Maybe think of it like everyday he offers you menu of himself and you need to start out by just saying what you like on there. How else will he know? Do you even know yourself if you don't spend a minute to think about it?
Later you might get to other things you like but maybe just aspects of or different combinations.

Might even just be the effort he invests on some days, even if everything else is off.

You have to just start somewhere even if it feels uncomfortable

Sequinsontoast754 · 05/12/2025 09:03

Mmmm. Sorry to be crass op but many men when they say this sort of thing actually want more sex.

And bluntly you are in the trenches of parenting at the moment. Mh issues aside, it’s very usual for couples to feel under pressure during this period of live and more like mums and dads than romantic appreciative partners. It’s full on. But it’s not your fault it’s full on.

I am autistic and found the noise and chaos of small dc challenging. My dh didn’t bleat about feeling unloved; he knew the way to be able to engage with me and feel loved and for me to have more bandwidth for his feelings; was to get stuck in and help as much as possible. Apologies but I think your dh is being a bit selfish.

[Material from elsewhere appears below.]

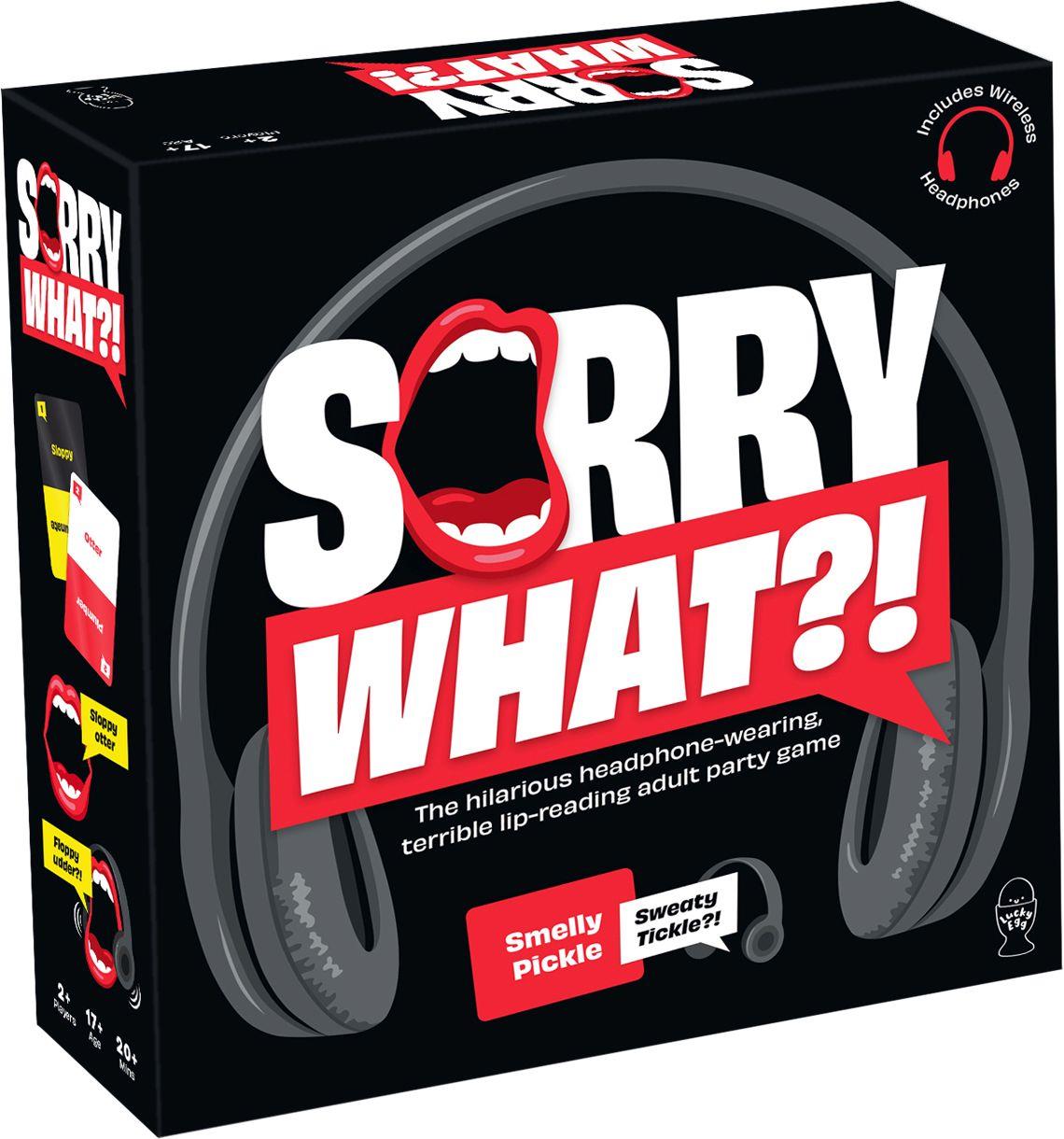 Lasst euren schmutzigen Gedanken freien Lauf in Sorry What?! – der ultimativen Lippenlese-Challenge, die stundenlangen Spaß mit zweideutigen Formulierungen garantiert! Tretet in einem prickelnden Duell an, bei dem zwei Teams absurde und anzügliche Sätze erraten müssen. Setzt die schalldichten Kopfhörer auf, versucht die Lippen eurer Teamkollegen zu lesen, die zwei Karten als Vorgabe haben und freut euch auf urkomische Fehlinterpretationen! Hat jemand gerade etwa „Kitzliger Retriever…? oder „Eingelegter Biber…? gesagt?

NoelEdmondsHairGel · 05/12/2025 09:10

Sequinsontoast754 · 05/12/2025 09:03

Mmmm. Sorry to be crass op but many men when they say this sort of thing actually want more sex.

And bluntly you are in the trenches of parenting at the moment. Mh issues aside, it’s very usual for couples to feel under pressure during this period of live and more like mums and dads than romantic appreciative partners. It’s full on. But it’s not your fault it’s full on.

I am autistic and found the noise and chaos of small dc challenging. My dh didn’t bleat about feeling unloved; he knew the way to be able to engage with me and feel loved and for me to have more bandwidth for his feelings; was to get stuck in and help as much as possible. Apologies but I think your dh is being a bit selfish.

How sad.

It sounds as though her DH is getting stuck in with house and kids stuff. OP suggests he’s completely pulling his weight.

It is perfectly possible to be in the trenches and be kind to your partner.

Edited to add: not that I think the OP would endorse your approach - she is here seeking ideas about how to show love and appreciation - but I think your standpoint is positively dangerous to marriage. Many relationships wouldn’t recover from years of coldness and “suck it up we have kids”.

Everleigh13 · 05/12/2025 10:39

Some of the things I do that I think are nice are:
Notice things he has done and say thanks.
Start up little conversations about things he’s interested in or has mentioned before.
Give hugs or a quick kiss.
Watch a sitcom - laughing together is great!
If you go to the shop bring back a small treat for you both occasionally - like some new food or drink to try (not expensive).

My husband does all these things too! It’s not a one way street. I wouldn’t go over the top with it though, just when it feels appropriate.

A relationship does change with young children and I think both partners need to realise that they’ll have less time and attention overall.

olderbutwiser · 05/12/2025 10:51

What @NoelEdmondsHairGel said.

Before you go to sleep have a quick think about what he’s done that day to make your life better and tell him. Ideally tell him as you go along during the day, but up against the coalface of young children that can be hard to do.

Practice looking at him and giving him a smile.

Comtesse · 05/12/2025 10:55

Ok here is a simple one - make his favourite meal for dinner when it’s your turn to cook next.

DeQuin · 05/12/2025 11:00

Find out about the five languages of love and use them as a framework to talk to him to find out what would make him feel loved. Then just try to do them, even in a very small way. (Gifts, words, physical affection, quality time, acts of service.)

Screamingabdabz · 05/12/2025 11:15

Just ask him what he means. From reading the relationship threads I’ve come to see that when men moan about ‘lack of affection’ they mean sex. The same sort of men that are totally oblivious to the mental and domestic load their wives are carrying.